Through the front window she sees a line of dusty cars and pickup trucks pulling out of the parking lot of Cherokee Nation headquarters, heading back up the highway toward Kenwood and Locust Grove; the afternoon session of Tribal Court is over. Mr. Turnbo will be back soon and she’s still behind on her work, but that’s not Oprah Winfrey’s fault.
“That little kid in the overalls?” Annawake asks. She is staring with her chin on her hand. “I heard somebody say she was adopted.”
“Yeah. Before the first commercial Oprah introduced them as being somebody and her adopted daughter Turtle.”
“Cherokee,” Annawake says. “I’ll bet you a Coke.”
“Uhn-uh,” Jinny says, “Navajo, I bet. They’re from Arizona. She looks exactly like my brother’s girlfriend’s little girl, out in Albuquerque.”
“Where in Arizona, did they say?”
“Tucson.”
Annawake eyes the TV as if it had just called her a name. Jinny finds Annawake completely fascinating: she dresses like she doesn’t give a hoot, in jeans and moccasins and white shirts from J. C. Penney’s men’s department, and she totes around a backpack held together by gray duct tape instead of a briefcase, but she has that fashion-model mouth with a deep indentation in the center of her upper lip that’s hard to stop staring at. Men must want to kiss her every minute, Jinny thinks. When the perky music comes up and Oprah fades out to another commercial, Annawake takes off her glasses and rubs her eyes. “Tired,” she says. “You too?”
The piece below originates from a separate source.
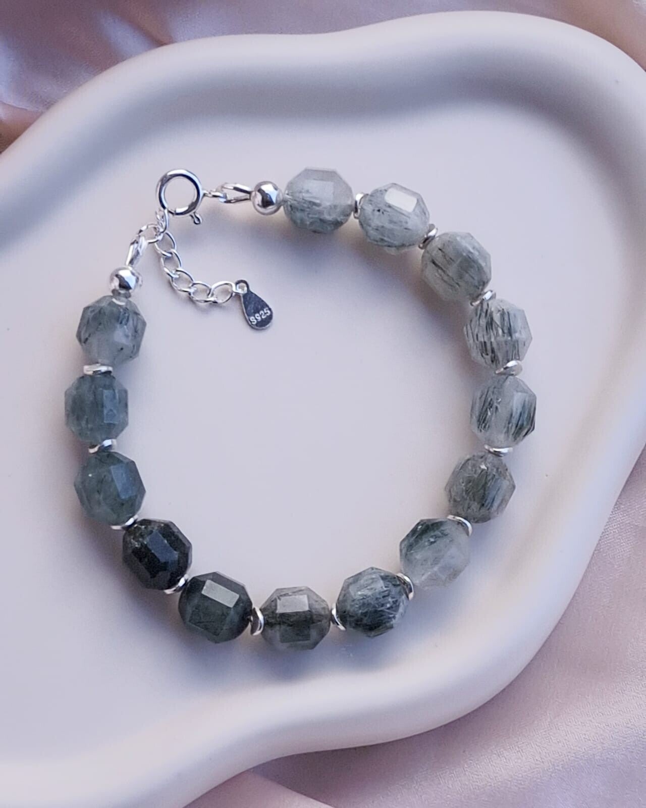 Die Ohrringe Malia verbinden schlichte Elegnaz mit der besonderen Ausstrahlung eines seltenen Natursteins. Die facettierten Aktinolith-Perlen zeigen einen sanften grau-grün-bläuchlichen Schimmer und sind von feinen Turmalin Einschüssen durchzogen, die dem Stein eine lebendige Tiefe verleihen.

“Yeah. Grandma’s mad at my brother Woody for quitting school. Nobody’s been getting much sleep at our house, except Woody. He took his bed out in the yard.”
“Robert Grass didn’t call yet?”
“Robert Grass! That turkey. Not since the drive-in two weeks ago.”
“He will,” Annawake says. “My brother Dellon knows him from the construction site over on Muskogee highway. He said Robert Grass is talking
osda
about his new girlfriend.”
“Maybe she’s nobody I know.”
“If she’s not you, you would have heard about it. Tahlequah’s not that big.”
“That’s the truth. The whole
Nation’s
not that big. Somebody all the way over to Salisaw told Grandma she’d seen me in a truck with the weediest Grass ever to come up.”
Annawake smiles. “There’s no getting away from the people that love you.” She slides her glasses back on and takes the pencil from behind her ear to mark up the page she’s reading. Jinny thinks:
You don’t even know. Nobody would gossip about you, they all adore you too much, plus you have no noticeable habits other than working
. She blows a puff of air through her bangs and flips to a new page of the Arkansas River Gravel Claim. Why anyone cares this much about river gravel is beyond Jinny Redcrow.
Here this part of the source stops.